* Activity *
Each line below from the one containing "a newly refurbished" through the one containing "Spigenの姉妹ブランドC" should be output exactly as it stands, and no other line should appear.

* Provided records *
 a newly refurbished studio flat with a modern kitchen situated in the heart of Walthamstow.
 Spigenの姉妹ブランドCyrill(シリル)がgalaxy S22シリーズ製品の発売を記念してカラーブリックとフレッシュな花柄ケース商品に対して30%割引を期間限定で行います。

...

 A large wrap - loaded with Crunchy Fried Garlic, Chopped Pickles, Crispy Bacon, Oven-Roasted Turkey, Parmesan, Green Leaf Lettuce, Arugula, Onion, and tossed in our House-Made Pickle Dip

* * *

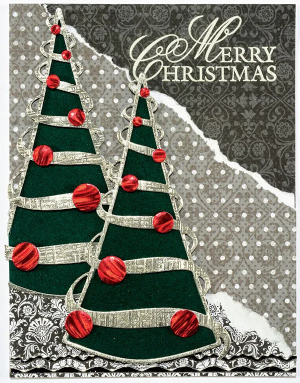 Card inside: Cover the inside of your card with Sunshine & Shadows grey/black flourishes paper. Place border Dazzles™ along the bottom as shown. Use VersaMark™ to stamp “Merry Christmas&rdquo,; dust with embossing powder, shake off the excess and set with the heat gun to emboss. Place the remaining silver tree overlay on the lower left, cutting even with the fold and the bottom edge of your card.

* Final answer *
 a newly refurbished studio flat with a modern kitchen situated in the heart of Walthamstow.
 Spigenの姉妹ブランドCyrill(シリル)がgalaxy S22シリーズ製品の発売を記念してカラーブリックとフレッシュな花柄ケース商品に対して30%割引を期間限定で行います。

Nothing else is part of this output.